Коп взглянул на Ласнова, вздохнул и тихо произнес:
— И ты… Ты тоже об этом…
— Что значит «тоже»? — возмутился Ласнов. — Я иду прямо с вокзала, чтобы тебе сообщить…
Коп боязливо поежился. Одет он был, как всегда, чисто: серая меховая шапка, в руках трость, которую он при ходьбе с силой вонзал в землю и, как единственное воспоминание о лучших днях — небрежно зажатая в углу рта сигарета, обычно погасшая, потому что у него никогда не было денег на табак.
Двадцать семь лет назад Ласнов, дезертировав из армии, вернулся в деревню и принес весть о революции. Коп в то время был комендантом вокзала в чине фенриха[149]
, и когда Ласнов во главе солдатского совета явился на вокзал, чтобы арестовать Копа, тот не пожелал даже ради спасения своей жизни сделать незначительное движенье губами и выплюнуть сигарету, хотя видел, что взгляды всех прикованы к уголку его рта. Коп ждал, что его расстреляют, но Ласнов только влепил ему здоровенную оплеуху и вышиб сигарету у него изо рта. А без сигареты он выглядел мальчишкой, не выучившим урока, и они оставили его в покое. Сперва он был учителем, потом занялся торговлей, но и до сих пор, встречая Ласнова, боялся, что тот опять вышибет у него изо рта сигарету.

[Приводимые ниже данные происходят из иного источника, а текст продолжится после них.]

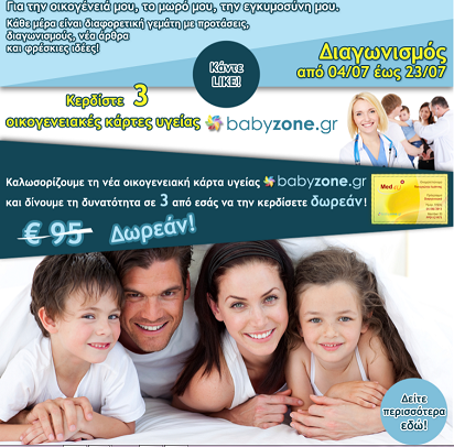 Το babyzone.gr διοργανώνει διαγωνισμό και δίνει τη δυνατότητα σε 3 τυχερούς να κερδίσουν από μία οικογενειακή κάρτα Υγείας Family Card του babyzone.gr, αξίας 95€ έκαστη.

Коп поднял на Ласнова испуганные глаза, подвинул немного каминный экран и сказал:— Если бы ты только знал, сколько человек мне это уже сообщили!
— Экран для камина! — удивленно воскликнула какая-то женщина. — А где взять теперь тепло, от которого загораживаются этим экраном?
Коп кинул на нее презрительный взгляд.
— У вас нет чувства красоты.
— Зачем оно мне, — смеясь, возразила женщина, — я и сама красива, да еще гляди, сколько у меня красивых детей. — И она быстро погладила по головам четырех стоящих вокруг нее детей. — Но тогда надо…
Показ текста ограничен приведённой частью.